# Re...Yarm Cross...



## british hazel (Oct 6, 2008)

Hello There Shipmates...

Can anyone tell me where the Tug Yarm Cross went...It did work in the tyne... but there are different tugs performing there work there now...I am very interested as to where she is now...Any help would be most gratefullyrecieved...
Dave McConnachy...


----------



## Erimus (Feb 20, 2012)

IMO Number: 7800021


Appears to be a number not in use at moment...why?? If you can wait, and nobody else answers, I will be at the Regional Shipbrokers Dinner next Friday along with the Ops people from Svitzer Tees...........and will revert

geoff


----------



## trevorohan (Dec 8, 2007)

She was in Grimsby Fish Docks a while back


----------



## A.D.FROST (Sep 1, 2008)

Try this;

http://northeastmaritime.forumatic.com/viewtopic.php?f=141&t=2114


----------



## timo (May 25, 2004)

She's been laid in Grimsby fish dock for a good few month, up for sale I think, still owned by Svitzers as far as I know,


----------



## Erimus (Feb 20, 2012)

A.D.FROST said:


> Try this;
> 
> http://northeastmaritime.forumatic.com/viewtopic.php?f=141&t=2114


Thanks...a Forum I didn't know about and close to my parish too!

geoff


----------



## chadburn (Jun 2, 2008)

Lovely chap Dicky Crosswaite who unfortunatly died for his Art, his Engineering Super Ian G was a former shipmate of mine many, many year's ago.


----------



## p.d. (Aug 13, 2007)

The yarm cross was towed away from swansea bay with the yewgarth by the tug Pantodynamos, sold to Rumanian owners.


----------



## Tugengineer1959 (Nov 20, 2012)

*Yarm cross*



british hazel said:


> Hello There Shipmates...
> 
> Can anyone tell me where the Tug Yarm Cross went...It did work in the tyne... but there are different tugs performing there work there now...I am very interested as to where she is now...Any help would be most gratefullyrecieved...
> Dave McConnachy...


Hi freind, she was laid up in Grimsby fish dock, we towed her pot to the hawk anchorage last week a Romanian chap bought her and she is being towed to constanza where she will be restored and based there, best regards


----------



## R58484956 (Apr 19, 2004)

Greetings *Tugengineer1959* and on behalf of ALL the moderating team we welcome you to SN. Bon voyage.


----------



## todd (Jan 24, 2009)

I enclose a quote in regard to the latest on the 'Yarm Cross'

Jim

"Two of the older units from the UK Svitzer fleet are on their way to a new owner in the Black Sea.
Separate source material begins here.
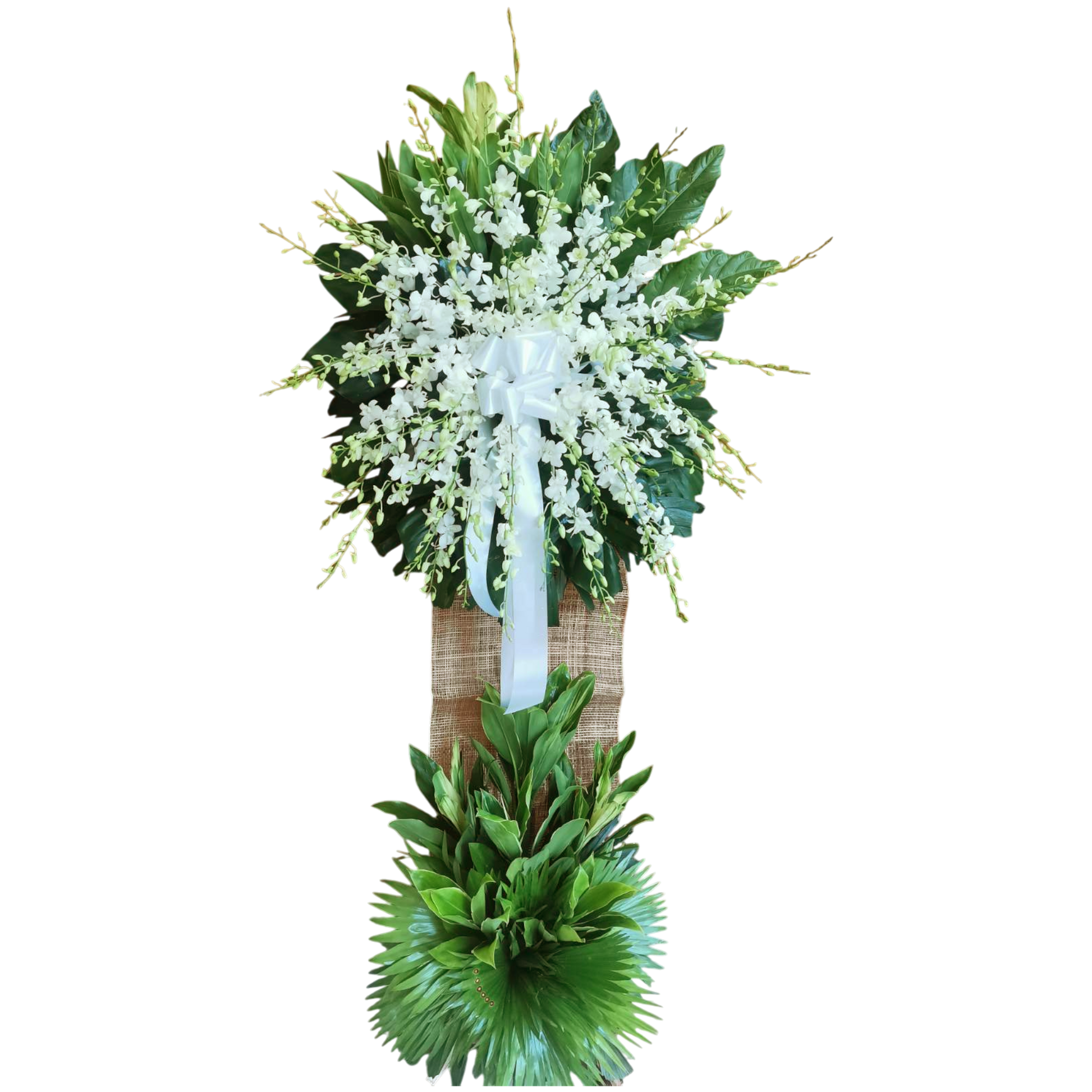 Honor a loved one with our elegant all-white orchid standing spray on driftwood base. This single-layer arrangement symbolizes purity and remembrance, offering a heartfelt tribute during times of sorrow.

On the 6th of November the former Yarm Cross left long term lay-up in Grimsby Fish Docks having acquired the name BSV Scotia for Black Sea Services Srl of Constanta. The Scotia was taken under tow by Diavlos Maritime's Pantodynamos. The pair proceeded to Swansea Bay where the former Yewgarth, now BSV Islander, was delivered by the Svitzer Brenda. The Pantodynamos sailed early on 11th November giving her destination as Chios. Black Sea Service currently operate the former Svitzer Sword, now BSV Anglia"


----------



## uncu_iulian (Dec 16, 2014)

*Hello from Yarm Cross - Now BSV Scotland*



british hazel said:


> Hello There Shipmates...
> 
> Can anyone tell me where the Tug Yarm Cross went...It did work in the tyne... but there are different tugs performing there work there now...I am very interested as to where she is now...Any help would be most gratefullyrecieved...
> Dave McConnachy...




Hello. I work in this moment on this ship. It is a very good Tug . In this moment the name of the tug is BSV Scotland ( BSV Scotia in romanian language). The Company who has the tug is Black Sea Services Srl Form Romania-Constanta. 16.12.2014


----------



## Erimus (Feb 20, 2012)

Nice to have a firm answer to this question.....thanks

geoff


----------



## uncu_iulian (Dec 16, 2014)

Erimus said:


> Nice to have a firm answer to this question.....thanks
> 
> geoff



For any more info about the tug , i will respond to you in a very quick time.


----------



## Bob S (Jul 12, 2004)

Photo here

http://www.shipspotting.com/gallery/photo.php?lid=2093240


----------